The New Zealand Hunterway, also known as the New Zealand Sheepdog, is recognised only by the New Zealand Kennel Club as a working dog, and cannot be shown as a breed in the Show Ring. Hunterway clubs are now beginning to form in other countries, as there is an export demand for these dogs because of their working ability.


They are excellent herding dogs, independent, and highly intelligent making them easily trained.



The true Origin of the Hunterway is unknown although they are used throughout New Zealand as a sheep herding dog. It is thought that New Zealand sheep herders developed the Hunterway through the selection of barking sheep dogs and the mixing of various breeds such as the Border Collie, Rottweiller, German Shepherd and the Labrador. The dog has now become the New Zealand national heritage dog.

  Hunterways are not usually kept as pets due to the belief that they need excessive exercise, plenty of space and have a high tendency to bark. Therefore, there is very little information on these dogs being kept as pets or living indoors with families. Shepherds wanted a dog that could work and run all day, with plenty of stamina, herd sheep and make a lot of noise, so the shepherd could hear the location of his dogs.
  • The Hunterway comes in a wide range of sizes and shapes but averages around 51 - 61cm in height at the shoulder
  • weighs between 18 - 30kg
  • is generally black and tan coloured but can be tri coloured with white markings
  • lives around 13 years
  • requires minimal grooming
  • and is generally healthy.
  • They can to live indoors but can also live outdoors providing they are given proper shelter and clean water.

About the author of this article - Nicole Mackie


I come from New Zealand and moved to the UK in 2001. I have 12 years experience breeding and showing Labrador retrievers and 2 years with Siberian Huskies. Also one year experience as a veterinary nurse and certified in general animal science, Canine Psychology and Behaviour Instruction.

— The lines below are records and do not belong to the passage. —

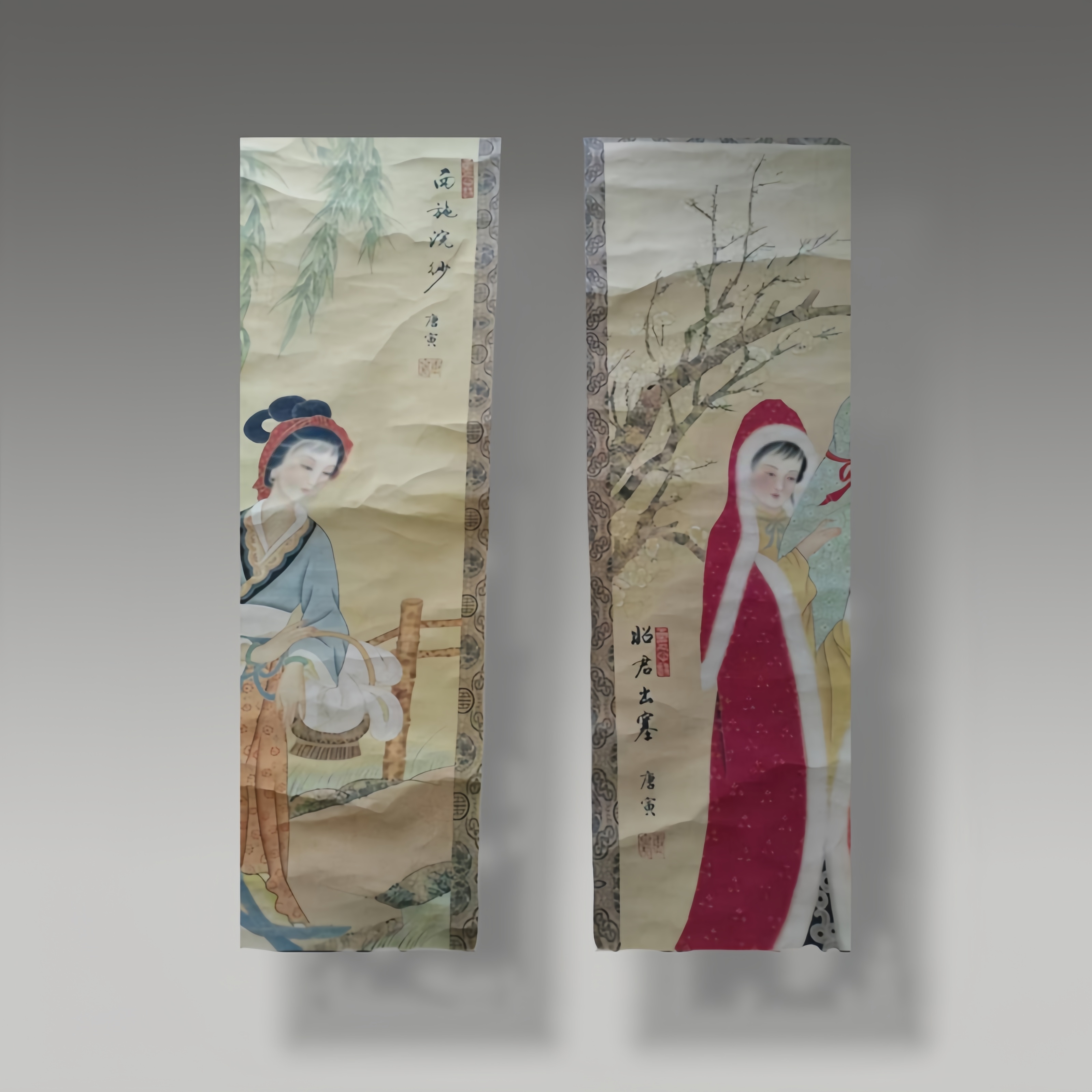 人物神态温婉灵动,色彩雅致柔和,衬景与仕女相映成趣,尽显传统工笔仕女画的雅致韵味
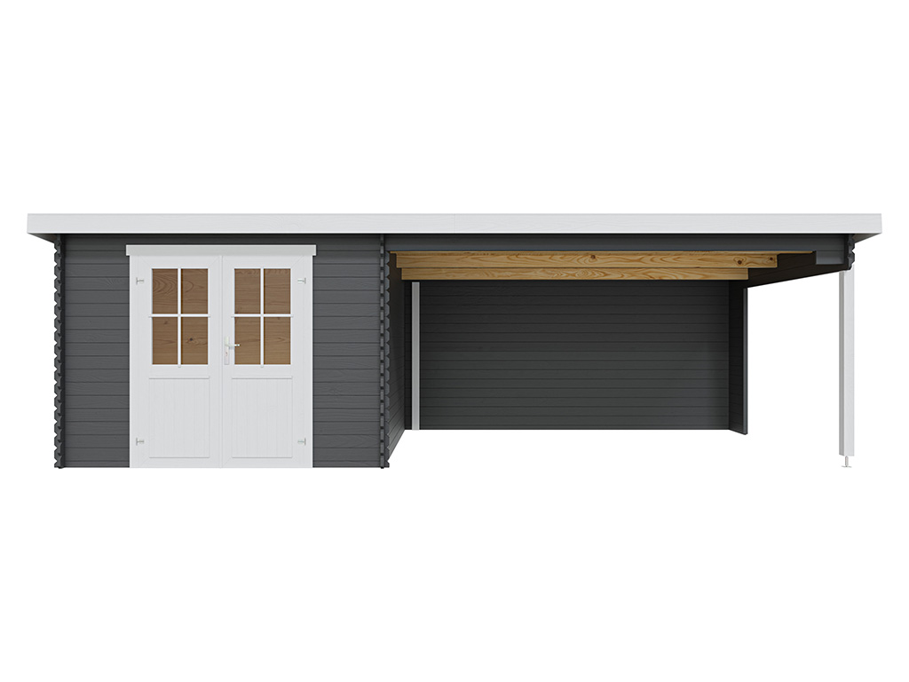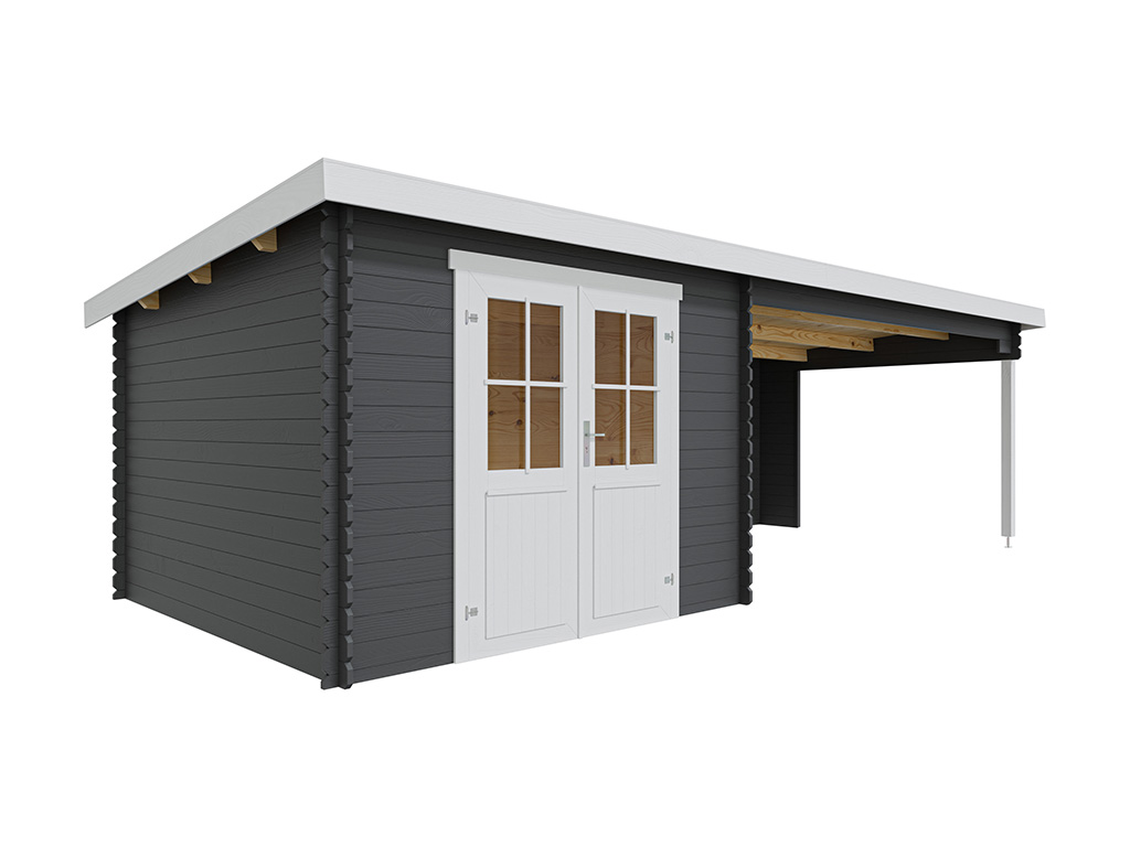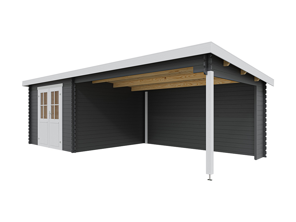 Blokhut St. Louis Exclusief 28 mm carbongrijs met 4 m aanbouw
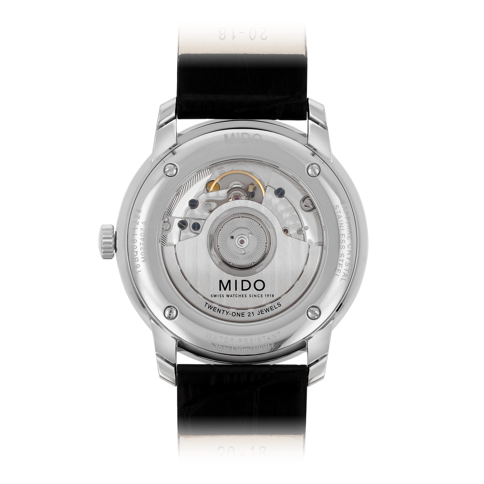 Модель оснащена автоматическим механизмом Mido Caliber 72 с запасом хода до 72 часов, что гарантирует точность и надёжность. Окно даты на отметке 3 часов добавляет удобства в повседневной жизни.

After arriving in the UK in 2001 I was introduced to clicker training by a friend. I was so impressed with clicker training that I bought every book and video on how to clicker train. Ever since learning this new training skill I have attended seminars by Elisabeth Kershaw, Nina Bondarenko and attended many courses run by Sheila Bailey such as UDX, CDX and tracking.


In 2003 I met Sheila Harper who introduced me to Calming signals and showed me a whole new way of understanding dogs from a well known respected Norwegian dog trainer Turid Rugaas. This sent me down a whole new road of training dogs, and changed my whole way of thinking and looking at canine communication from the dog's point of view. I joined the team with Sheila Harper in January 2004 and have not looked back since. I am now a student of the International Dog Training School and also helping out with a little bit of clicker training in a graduate puppy class.


I also take one to one dog training, take clicker training seminars, work as a volunteer assistance dog trainer for DogAid and run a little 5 star dog homestay for dogs that are too stressed to stay in kennels. This all keeps me busy while caring for my own three Labradors Bella, Barbie and Kiwi.